▶ _Task material_:

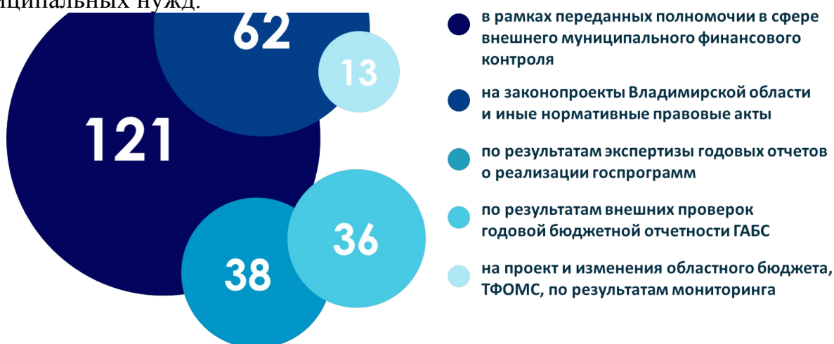
Рис. 2. Количество проведенных экспертиз в 2023 году, ед.

– обоснованностью и законностью закупок для государственных и муниципальных нужд.
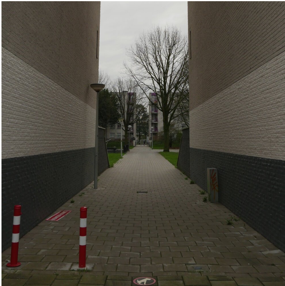
Typisch steegje in Venserpolder, Amsterdam-Zuidoost

zoeken. Ik was niet bang, want ik ben een vrij lange man met een iets meer dan gezond gewicht.
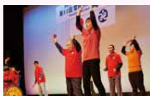
生活介護事業所「ゆめの樹」 「演舞」
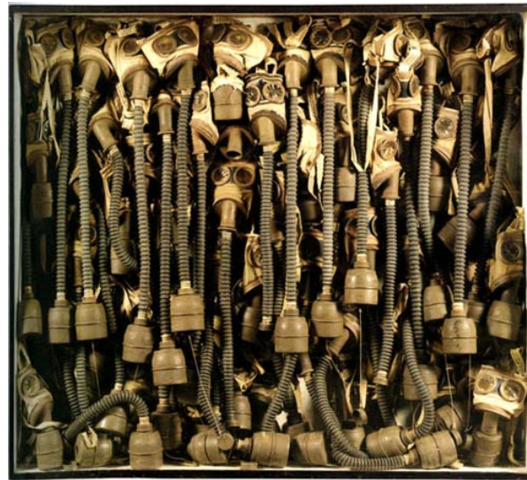
César, sans titre, compression d'objets
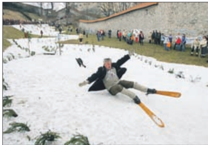
Na tekmovanju na grajskem hribu, kamor so organizatorji navozili sneg iz Kranja, smo videli veliko elegantnih spustov, pa tudi kakšen padec.

so letos prvič podelili mednarodno priznanje jakob za odličnost in kakovost v turizmu, tokrat za področje kulinarike. Priznanje nosi ime po enem od "praturistov", romarju sv. Jakobu. Komisija je 20. januarja pregledala prijave različnih prijaviteljev, ki inovativno vključujejo lokalno in/ali regionalno gastronomijo v turistično ponudbo krajev in območij v regiji Alpe-Jadran, ter izbrala zmagovalca. Tako smo v četrtek ploskali Gorenjcem: Kuharski šoli Uroša Štefelina Hotela Triglav Bled . Hotel z njo poizkuša uresničevati dolgoročno zastavljeni cilj: dvig kulture prehranjevanja in pitja.
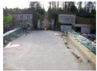
Travaux en 2009

Il s'agit de plus d'une véritable réserve archéologique dans laquelle ont pu être découverts un rare exemplaire d'une monture de lunettes datant du XVI e siècle et élaborée à partir d'un os, les restes d'une bulle papale et divers objets de cultes ou artisanaux qui permettent de dater les différentes couches de remblai.
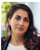
Golrang Daneshgar Stadt Wädenswil Werke
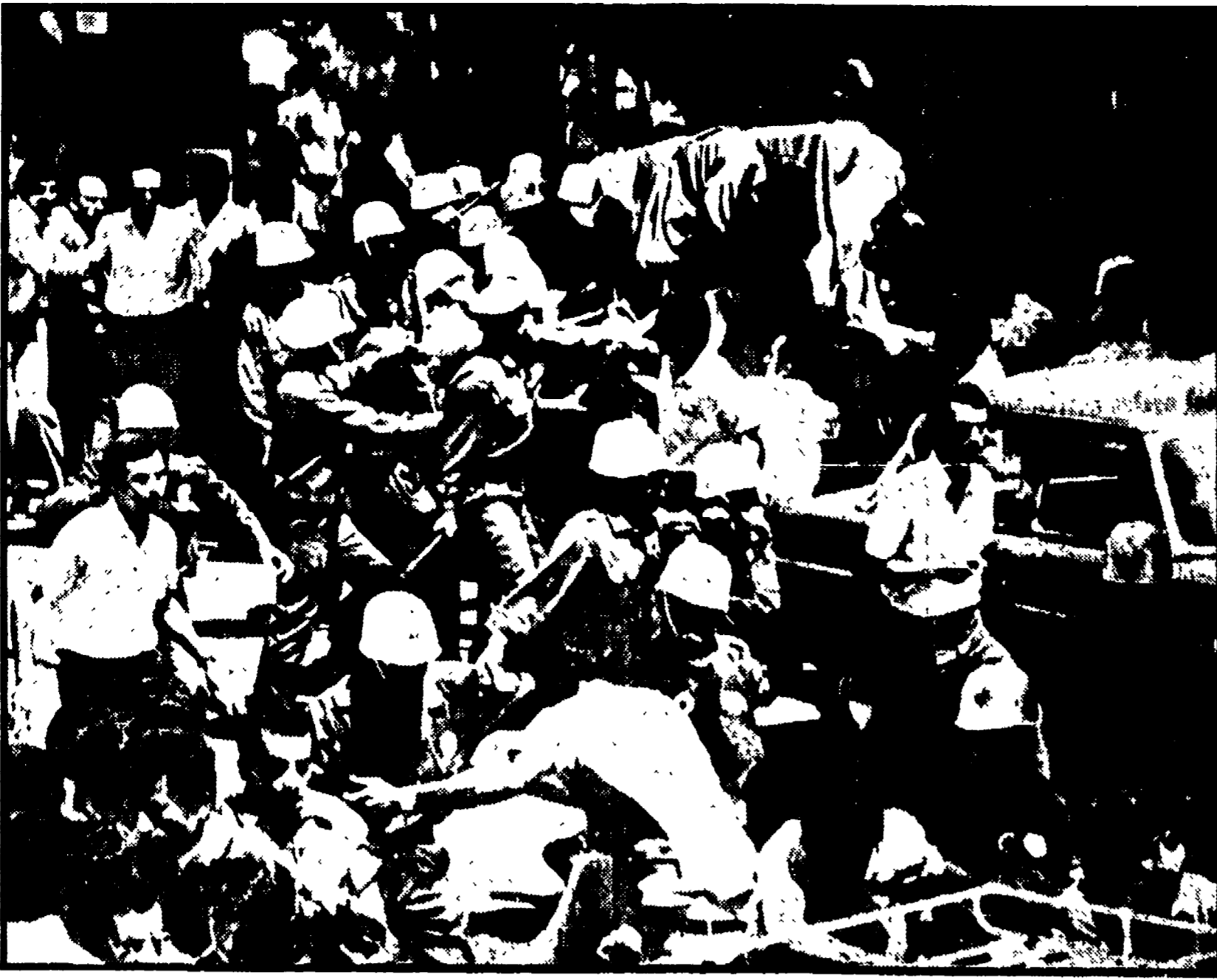
ISTANBUL: «FUORI GLI USA» L'ondata delle manifestazioni contro la Sesta Flotta americana e contro le brutalità poliziesche non accenna ad esaurirsi in Turchia. Unità dell'esercito sono state poste in stato d'allarme.
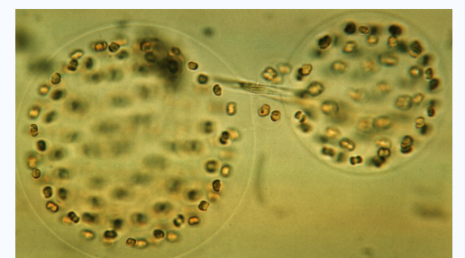
Schaumalge ( Phaeocystis globosa ) Ø = 50 µm

Am 6.9.2011 wurden an 16 Stellen der Nordsee Wasserproben genommen (siehe Karte). Regnerisches und windiges Wetter hatten in den vorangegangenen Tagen die Küstengewässer durchmischt und dadurch den Anteil aufgewirbelten Sedimentes im Wasser deutlich erhöht. Mikroalgen haben der Jahreszeit entsprechend deutlich abgenommen. Neben Kieselalgen sind nur vereinzelt andere Mikroalgen vertreten.
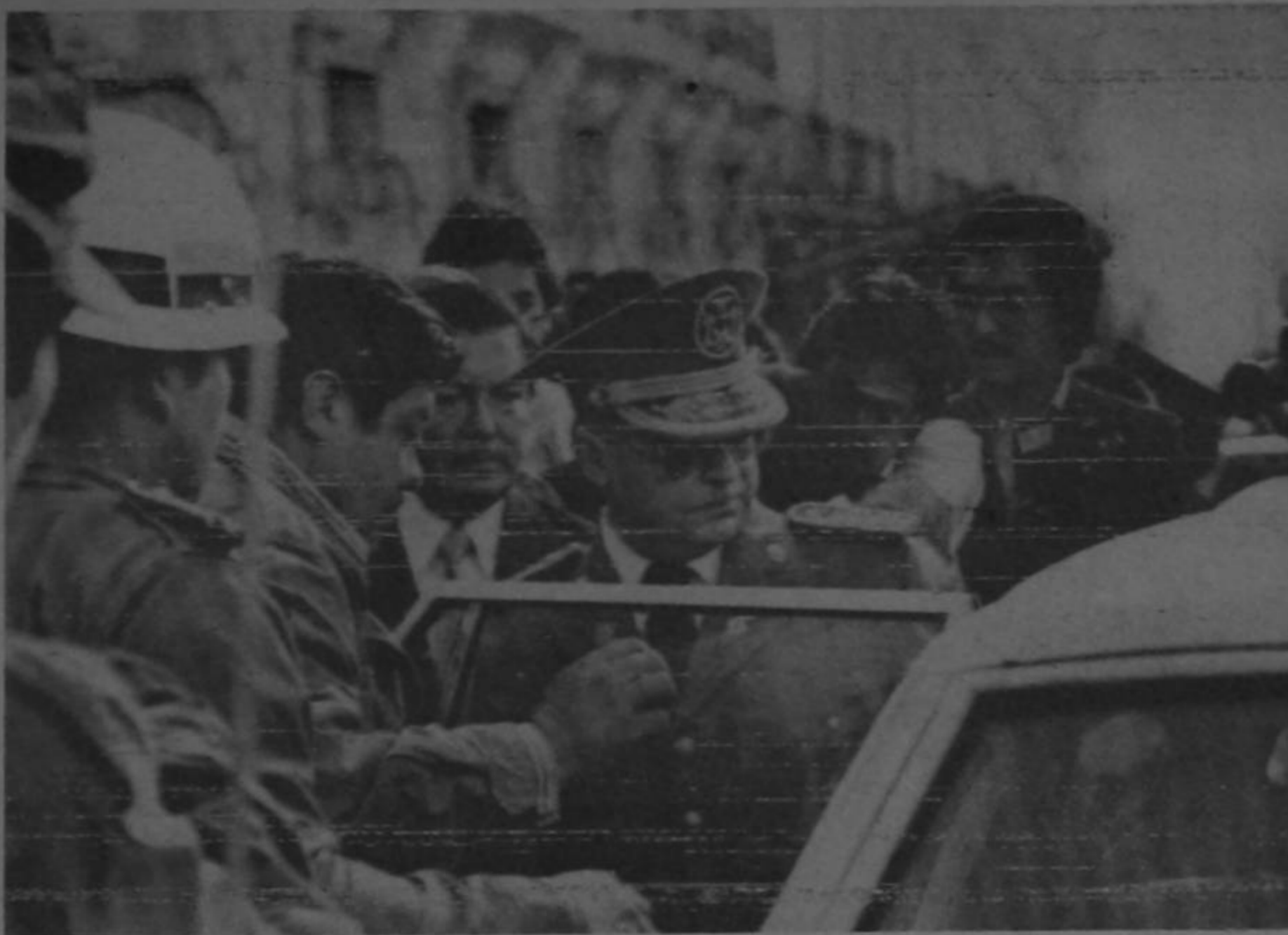
ADIOS.— El general Guillermo Rodríguez Lara sale del palacio presidencial en Quito, ayer, después de entregar al poder a una Junta de comandantes del Ejército, la Marina y la Fuerza Aérea.

El general Guillermo Rodríguez Lara, de 53 años, leyó una declaración (Pasa a la pág. 14)
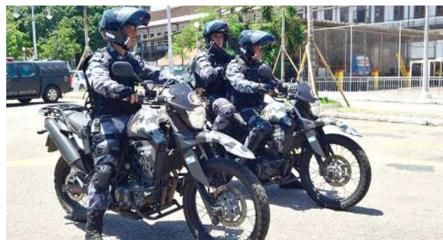
PROGRAMA visa articular ações de segurança pública

No âmbito do Programa de Capacitação Profissional e Implementação de Ofici-
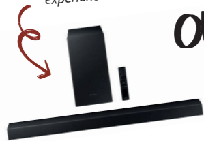
BARRE DE SON Montez le son et profitez d'une expérience immersive !
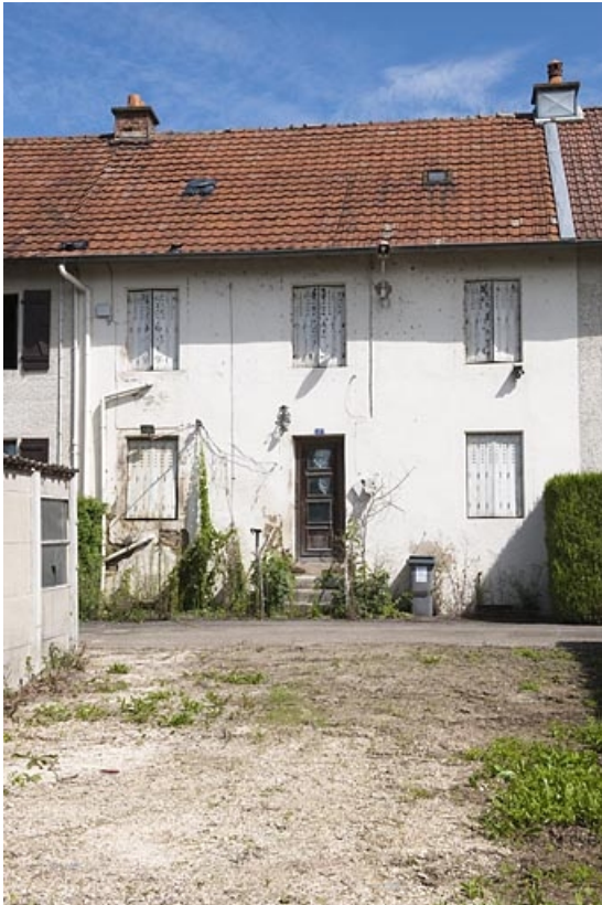
Habitation de 10 logements. Détail d'une travée.
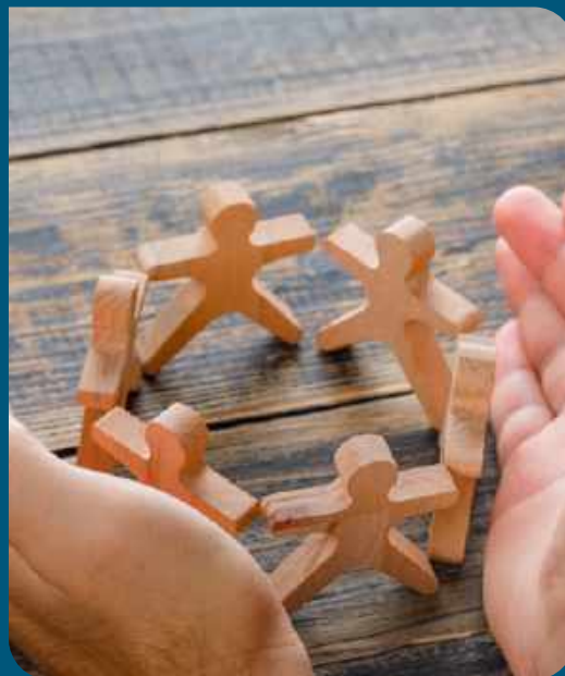
Banco de Imagens

Essa é a hora de contribuir para o futuro da Cooperativa, não fique de fora!
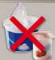
Pots en plastique

▶ _Brief_:
Please, without any of the pictures, set down exactly the lines from the beginning of the listing to the line that contains "César, sans titre, compression d'objets", inclusive.

▶ _Reply_:
Рис. 2. Количество проведенных экспертиз в 2023 году, ед.

– обоснованностью и законностью закупок для государственных и муниципальных нужд.
Typisch steegje in Venserpolder, Amsterdam-Zuidoost

zoeken. Ik was niet bang, want ik ben een vrij lange man met een iets meer dan gezond gewicht.
生活介護事業所「ゆめの樹」 「演舞」
César, sans titre, compression d'objets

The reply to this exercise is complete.